■ Assignment ■
Using the material below, return exactly the lines between the one holding "Hoar frost spider" and the one holding "제천시민들이 7일 엄태영", inclusive, and no others.

■ Dataset content ■
'''

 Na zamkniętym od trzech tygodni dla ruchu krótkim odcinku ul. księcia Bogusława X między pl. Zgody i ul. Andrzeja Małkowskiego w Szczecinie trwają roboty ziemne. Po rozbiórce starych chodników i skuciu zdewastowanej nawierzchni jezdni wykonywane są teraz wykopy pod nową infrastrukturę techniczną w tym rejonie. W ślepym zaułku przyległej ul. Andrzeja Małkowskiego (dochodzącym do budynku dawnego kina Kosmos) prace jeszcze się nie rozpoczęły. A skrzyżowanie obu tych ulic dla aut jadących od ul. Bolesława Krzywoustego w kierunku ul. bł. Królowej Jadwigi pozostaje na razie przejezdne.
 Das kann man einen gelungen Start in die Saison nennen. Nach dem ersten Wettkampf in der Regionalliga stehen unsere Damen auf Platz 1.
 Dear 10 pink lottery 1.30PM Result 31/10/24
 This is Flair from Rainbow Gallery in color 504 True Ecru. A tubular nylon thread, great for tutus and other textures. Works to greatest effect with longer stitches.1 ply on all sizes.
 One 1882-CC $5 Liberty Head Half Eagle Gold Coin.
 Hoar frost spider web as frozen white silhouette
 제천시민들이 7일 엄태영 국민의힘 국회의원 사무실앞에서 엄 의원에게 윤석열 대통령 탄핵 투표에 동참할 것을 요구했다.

'''
'''

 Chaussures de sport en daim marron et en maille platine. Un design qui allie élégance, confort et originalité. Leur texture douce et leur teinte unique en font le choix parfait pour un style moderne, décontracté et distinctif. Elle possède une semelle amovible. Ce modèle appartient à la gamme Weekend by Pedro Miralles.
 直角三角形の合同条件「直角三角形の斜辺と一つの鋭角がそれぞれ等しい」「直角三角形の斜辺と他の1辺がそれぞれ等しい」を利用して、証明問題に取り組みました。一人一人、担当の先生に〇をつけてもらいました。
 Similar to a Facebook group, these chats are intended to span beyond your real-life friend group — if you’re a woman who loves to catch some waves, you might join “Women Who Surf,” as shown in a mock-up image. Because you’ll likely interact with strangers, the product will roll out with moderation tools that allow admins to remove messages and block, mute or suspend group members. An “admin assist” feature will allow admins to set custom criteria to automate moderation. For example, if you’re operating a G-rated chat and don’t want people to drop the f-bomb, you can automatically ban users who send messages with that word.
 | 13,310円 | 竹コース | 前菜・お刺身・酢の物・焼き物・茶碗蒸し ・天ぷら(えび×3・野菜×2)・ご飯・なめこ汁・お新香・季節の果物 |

'''
'''

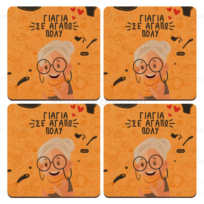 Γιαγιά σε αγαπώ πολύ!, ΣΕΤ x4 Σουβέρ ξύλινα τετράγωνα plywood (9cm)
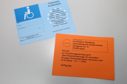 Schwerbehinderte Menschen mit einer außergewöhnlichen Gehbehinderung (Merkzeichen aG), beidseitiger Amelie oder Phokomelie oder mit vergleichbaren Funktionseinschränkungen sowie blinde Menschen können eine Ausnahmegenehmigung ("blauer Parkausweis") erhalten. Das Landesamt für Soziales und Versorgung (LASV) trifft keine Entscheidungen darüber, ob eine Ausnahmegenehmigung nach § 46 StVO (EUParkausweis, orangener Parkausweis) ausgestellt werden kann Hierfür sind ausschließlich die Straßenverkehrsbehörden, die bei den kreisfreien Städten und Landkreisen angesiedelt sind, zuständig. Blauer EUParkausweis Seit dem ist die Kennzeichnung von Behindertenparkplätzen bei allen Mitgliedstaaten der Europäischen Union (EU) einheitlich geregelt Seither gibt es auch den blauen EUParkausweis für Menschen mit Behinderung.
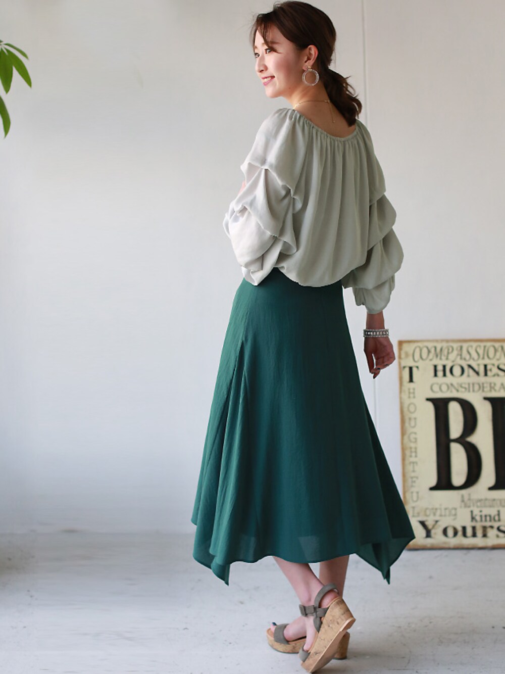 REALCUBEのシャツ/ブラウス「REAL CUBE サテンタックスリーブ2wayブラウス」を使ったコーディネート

'''

■ Exercise answer ■
 Hoar frost spider web as frozen white silhouette
 제천시민들이 7일 엄태영 국민의힘 국회의원 사무실앞에서 엄 의원에게 윤석열 대통령 탄핵 투표에 동참할 것을 요구했다.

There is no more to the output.